キスマーク


 聞こえてきた態とらしい空咳に、空回ルドくんの気配を感じたので一旦無視してみる。十分も経てば、ロナルドは事務所の床に四つん這いになっていた。咳払いのしすぎで涙目になるほど嘔吐いている。なんでそんなになるまで諦めなかったの? 声かければよかったじゃん。彼はコヒューコヒューと呼吸をなんとか整えていたが、私が見ていることに気が付くと、すぐさま嬉しそうに顔を輝かせてキリッとキメ顔を作った。もう遅いよ。その顔のまま「当てて」と言われたので、無視してた負い目があった私は、素直に目を眇めて彼が織り成す珍妙な動きもといジェスチャーを読み取っていく。
「……きす? 模様、あ、マーク?……キスマーク?」
「はい」
「が、なに?」
「付けてください」
「なんでだよ」
 逆だろ。
「や、や、俺ももちろんできたら付けさせてくれたら嬉しいな〜付けたいな〜ってすっげえ思ってる! こう、しょ、所有印みたいなもんだし、キ、……ッ……吸引性皮下出血って」
「キスマークくらいスッと言え」
 ていうかなにそれ、あれって内出血じゃないの? 思わず零すと、得意げな顔で事細かにキスマークと内出血の違いを語られる。いやめちゃくちゃ調べてるじゃん。尚更しっかりしろ。

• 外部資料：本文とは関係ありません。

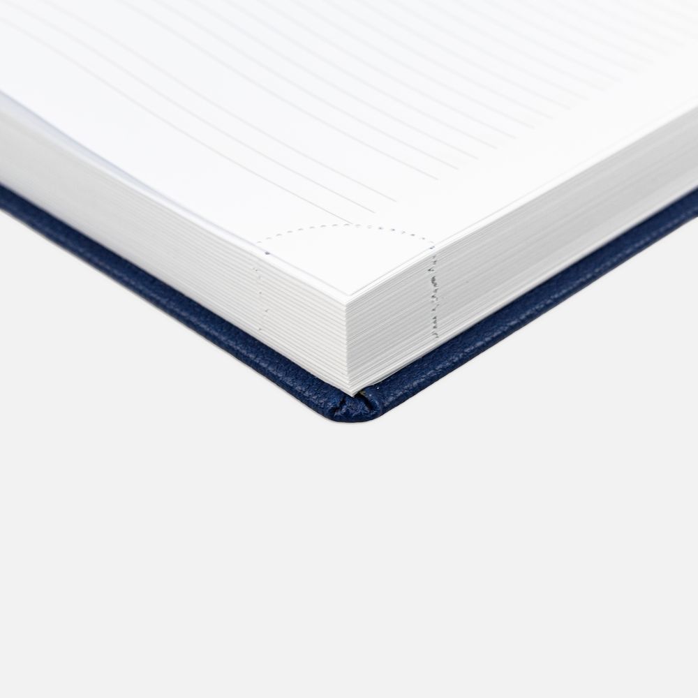 Ежедневник в твердой обложке c поролоном, выполнен из материала La Fite, темно-синий ХХ, дополнен ляссе белого цвета.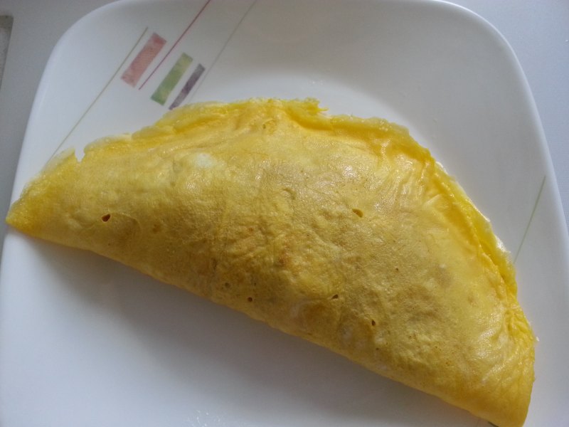 5:把鸡蛋打散,摊成鸡蛋饼,把炒饭放在鸡蛋饼的一侧。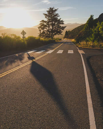 A shot from ground level of the dividing lines between lanes on Ortega Highway in Southern California
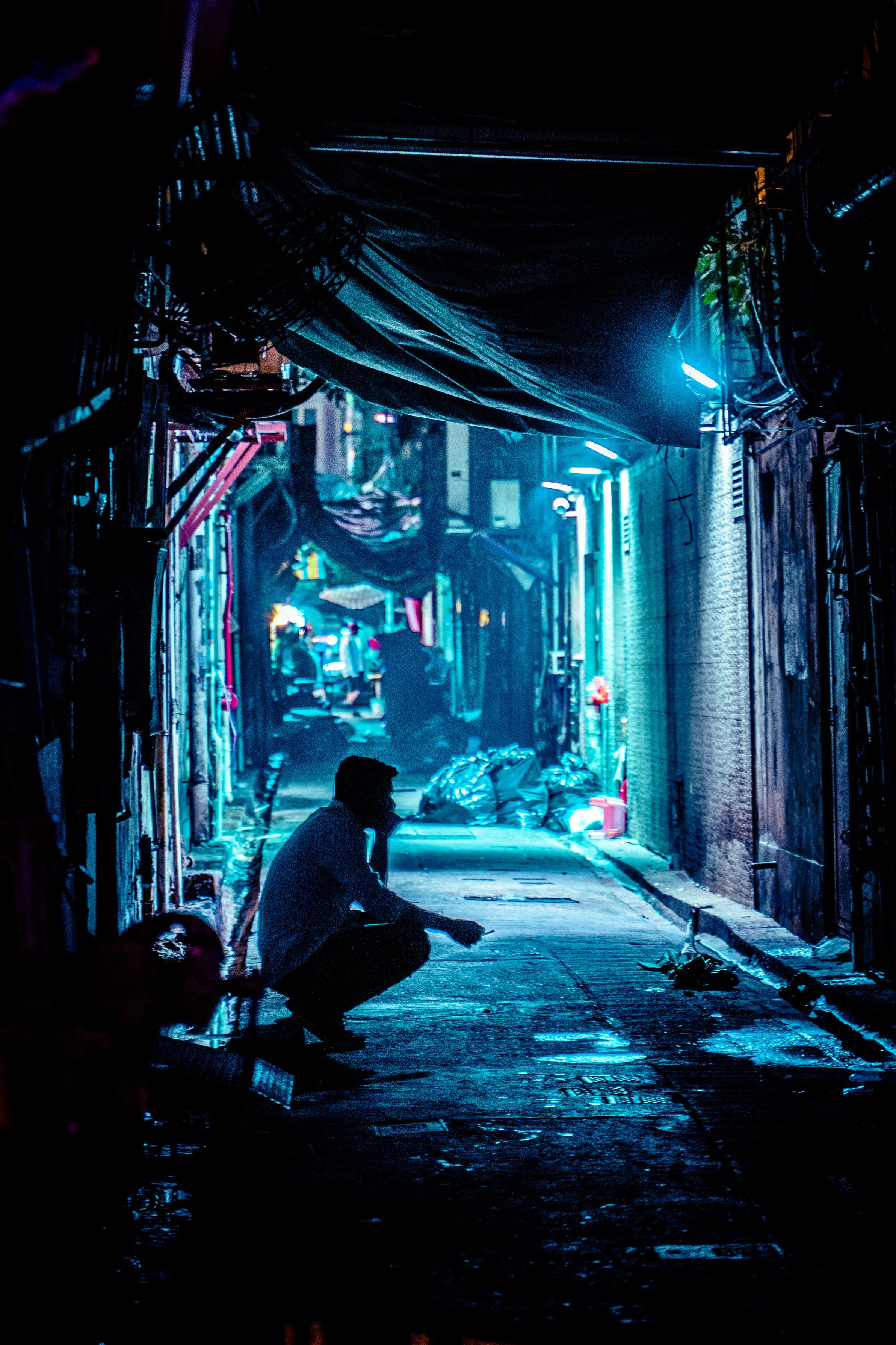 香港の路地裏にて。

「いや、あの、とにかくさ。自分で付けるより、俺ってキミのなんだって実感できるほうが嬉しいというか」
「……そんなの私も一緒なんですけど」
 あの超絶奥手なロナルドくんが付けてくれるのかと思って一瞬嬉しかったのに。私の言葉を聞いた彼の顔が一気に茹で上がり、目が大きく見開かれて青い虹彩の輪郭が顕になる。瞳孔がきゅうと大きく拡がっていた。
「へ、あ、エ? お、おれに付けられるのやじゃないの?」
「やじゃないよ」
「んええぇぇえ……」
 イケメンが真夏のアイスクリームのように溶けていく。その姿に、『正直ロナルドに付けるほうが恥ずかしい、だって退治のためとはいえ裸になることに躊躇がないからドラルクや退治人仲間や吸対その他諸々に秒でバレそうなんだもん』という本音は隠しておこうと思った。